Hätte ich nur gewettet. Denn mein Sitznachbar, der durchaus angetan von der Aufführung "Der goldene Topf" im Theater an der Parkaue war, vermutete aber, dass ein Teil des jugendlichen Publikums nach der Pause nicht mehr in den Saal kommen würde. Er wurde eines Besseren belehrt. Und das, obwohl man es den Zuschauern nicht gerade leicht macht. Warum folgten sie also aufmerksam dem Geschehen auf der Bühne und applaudierten am Schluss kräftig? Ich glaube, weil sie mit Figuren konfrontiert wurden, bei denen ihnen vieles vertraut war, sich aber auch immer wieder neue Entdeckungen machen ließen, weil merkwürdige, rätselhafte Dinge passierten. Ganz
abgesehen davon, dass auch immer eine Menge auf der Bühne los war. Der Student Anselmus (Andrej von Sallwitz), der genau wie die jungen Zuschauer gerade anfängt, seinen Lebensweg zu finden, gerät durch Liebe und Magie in ein ständiges Wechselbad zwischen Realität und die Welt der Mythen.
Sascha Bunge hat das vielschichtige Kunstmärchen von E.T.A. Hoffmann für sich gedeutet, aber nicht künstlich geglättet. Vor allen Dingen hat er die sprachliche Kunstebene erhalten, sich nicht durch Alltagsdialoge beim Publikum angebiedert. Und das Ensemble konnte die Texte auch sprechen! Die Gedanken waren nicht nur klar, sie waren auch ohne akustische Verstärkung mühelos zu verstehen. Das ist beileibe nicht in allen Berliner Theatern der Fall. Ja, es gab auch einmal den Einsatz von Mikros bei einer längeren Textpassage der beiden Serpentinas (Katrin Heinrich, Corinna Mühle), die diese übrigens bravourös meisterten. Aber da wurde durch die Technik eine besondere Ebene geschaffen, hatte es einen inhaltlichen Sinn. Das gleiche gilt für die Videoeinspielungen, die ich sonst so oft als überflüssigen modischen Schnickschnack empfinde. Hier haben sie auf lustige und naive Weise miterzählt. Das gleiche gilt für die Ausstattung, die ständig mit Überraschungen aufwartete. Es hat mir gefallen, dass Veronika (Franziska Krol) nicht nur scharf darauf war, Frau eines Hofrates zu werden, auch wenn sie sich am Ende dafür und gegen ihre Liebe entscheidet.
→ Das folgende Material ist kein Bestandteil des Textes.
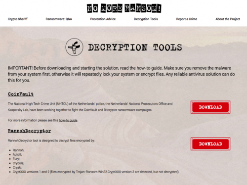 在網(wǎng)站的 Decryption Tools 解密工具頁(yè)面,提供一系列可協(xié)助處理、還原或救援被勒索病毒加密后檔案的工具(CoinVault、RannohDecryptor、RakhniDecryptor、ShadeDecryptor),都有各自對(duì)應(yīng)可以處理的勒索病毒副檔名格式。

Ich will hier nicht alle Mitglieder des Ensembles nennen, aber es gab bei allen eine Menge schöner Details zu bewundern. Dass nicht nur phantasievoll, sondern auch sorgfältig gearbeitet wurde, merkte man schon ziemlich früh, als die Ärzte (hier mehr Schwestern) nicht nur eine Gruppe, sondern individuelle Charaktere waren. Sascha Bunge "schont Prospekte nicht und nicht Maschinen", Frauen spielen Männer, Männer spielen Frauen, eine Figur wird von zweien dargestellt. Aber das zeigt sich als lebendiges Theater im Dienst einer Geschichte, zum Glück nicht als Mittel der Selbstdarstellung. Ich bin die verschlungenen Pfade der Geschichte gern mitgegangen, auch wenn es für mich vor der Pause ruhig ein Viertelstündchen kürzer hätte sein können.